Content design is answering a user need in the best way for the user to consume it.Sarah Winters
As of this writing, the discipline of content design has a nomenclature problem. A delicious irony for a discipline populated by language experts.
Content design was originally known as “content strategy” but this overlapped with concept of marketing content strategy. Some of us tacked a UX to the front, UX Content Strategy
, but it was still a little unclear.
The term “UX writing” was en vogue for a while. From a content design standpoint, this is an effective term. “Writing” describes the job and “UX” helps people know what kind of writer you are. Modifier + noun
is quite elegant. The term plays well with Search Engine Optimization (SEO). It’s how I describe my job to people who don’t work in tech.
Within the virtual hallways of this industry however, the term “UX writing” does not capture the full scope of the role. Because it’s more than writing.
Sarah Winters coined the term “content design” which better conveys the spirit of this work: you’re wearing a design hat while wearing writing gloves, not the other way around. You’re thinking about language from a design point of view.
In a corporate realpolitik sense, the term “content design” enables the perception of role parity with “UX design” and helps convey to folks in engineering and product management where content fits into the UX design process.
That said, for an average schmo “content design” is less clear. It’s a pair of squat, gelid nouns, which is how jargon is formed. “Content” is a highly nebulous term (John Perry Barlow’s dissection of this concept is a worthy read), and can feel as opaque as “user experience.” Besides isn’t the “User Experience” of a product its “content?” In my humble opinion both the people writing the words and the people drawing the shapes are user experience designers.

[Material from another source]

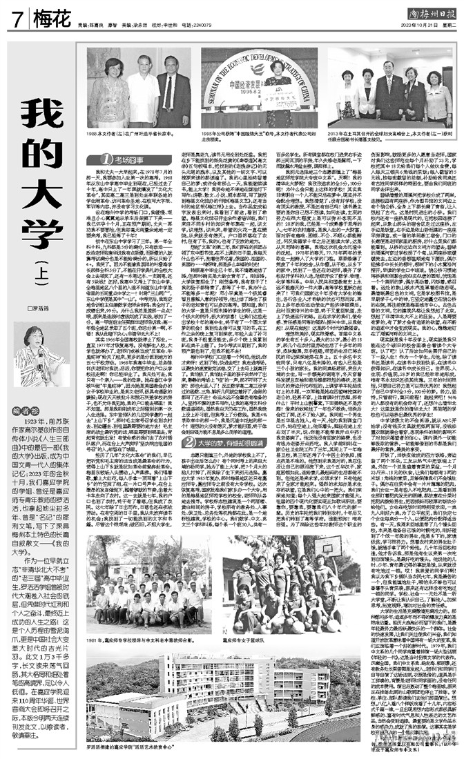 1923年,前苏联作家高尔基创作的自传体小说《人生三部曲》中的最后一部《我的大学》出版,成为中国文青一代人的集体记忆;2023年的金秋十月,我们嘉应学院的学姐、曾经是嘉应师专青年教师的罗活活,也拿起她尘封多年、曾是“名记”的犀利文笔,写下了深具梅州本土特色的长篇自叙散文——《我的大学》。

Content design might be what we do, but “UX writing” is easier to grasp. And “UX designer” is closest to the truth, though we seem to lack the collective courage to say so in public.
Anyway… all these nuances are what make this work deeply interesting and I believe, valuable to the design of great experiences.
People smarter than I have tried to articulate differences between these all these terms. To me: content strategy equals UX writing equals content design. The goal is the same: improve an experience via the organization (i.e., design) of language. Design hat, language gloves.
So why all this confusion?
Some psychologists (shout out to my therapist) say that a weakness is really just a strength that’s working overtime. That could be at work here. Any other discipline might have settled on “wordsmith” and never thought about it again.
But the fact that we think tirelessly about language and its impact on humans really is emblematic of everything we do. The discipline has a nomenclature problem because nomenclature problems are our collective obsession.